Study of ischemia modified albumin (IMA) as a biomarker in hypertensive retinopathy
Background. Hypertension (HTN) is one of the leading causes of morbidity and mortality worldwide. A prompt diagnosis and treatment of hypertensive retinopathy (HR), the leading complication of HTN is pivotal for a better visual outcome. Increased blood pressure on its own cannot fully clarify the development of retinal alterations, therefore an additional pathogenetic mechanism, such as oxidative stress, might be inquired.
The aim of the study was to evaluate the changes in the level of ischemia modified albumin (IMA) in the serum and tears of HR patients in order to establish the predictive value of IMA for the HR progression.
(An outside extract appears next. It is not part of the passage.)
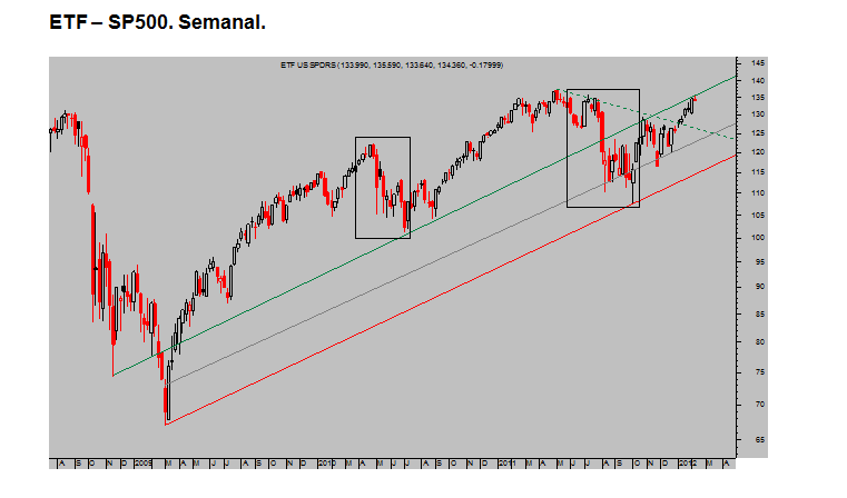 Una corrección de incluso 100 puntos de SP500 sería dura pero no descartable, técnicamente no dañaría significativamente la situación. Sería en el fondo saludable para el mercado, restableciendo el equilibrio entre oferta y demanda en niveles más adecuados.

Methods. Serum and tear samples for the measurement of IMA were collected from 90 patients detected primarily with HR, who were not taking any antihypertensive or other drug that could influence the results of the study, divided according to the Keith-Wagener classification into GI ‒ 36 patients with HR grade I, GII ‒ 35 with HR grade II and GIII ‒ 19 with HR grade III. Serum and tear IMA levels were assessed using the Co2+ binding method (Gudumac V. et al., 2009) and expressed as median and interquartile range. Kruskal-Wallis and Mann-Whitney nonparametric tests were used to compare the groups and the Spearman correlation coefficient was calculated (SPSS 23.0), with p<0.05 being statistically significant.
Results. The groups showed a statistically significant difference in serum IMA (p=0.006), the values increasing in parallel with the progression of HR. The serum IMA level in GII increased compared to GI (+3%; 239.06 µM/L (IQR 75.58) vs 231.77 µM/L (IQR 104.09), p=1.00), as well as in GIII patients compared to GII (+17%; 277.67 µM/L (IQR 88.72) vs 239.06 µM/L (IQR 75.58), p=0.04). There were no differences in IMA content (p=0.160), between groups in the tears. No correlations were found between serum and tear IMA levels (p=0.134), but serum IMA showed a significant moderate strength, positive correlation with the degree of HR (r=0.307**, p=0.003).
Conclusion. A progressive enhancement in serum IMA level as HR advanced was identified. Thereby, the results suggest the potential relevance of serum IMA as a sensitive and early biomarker useful for grading and optimal treatment of the patients with HR.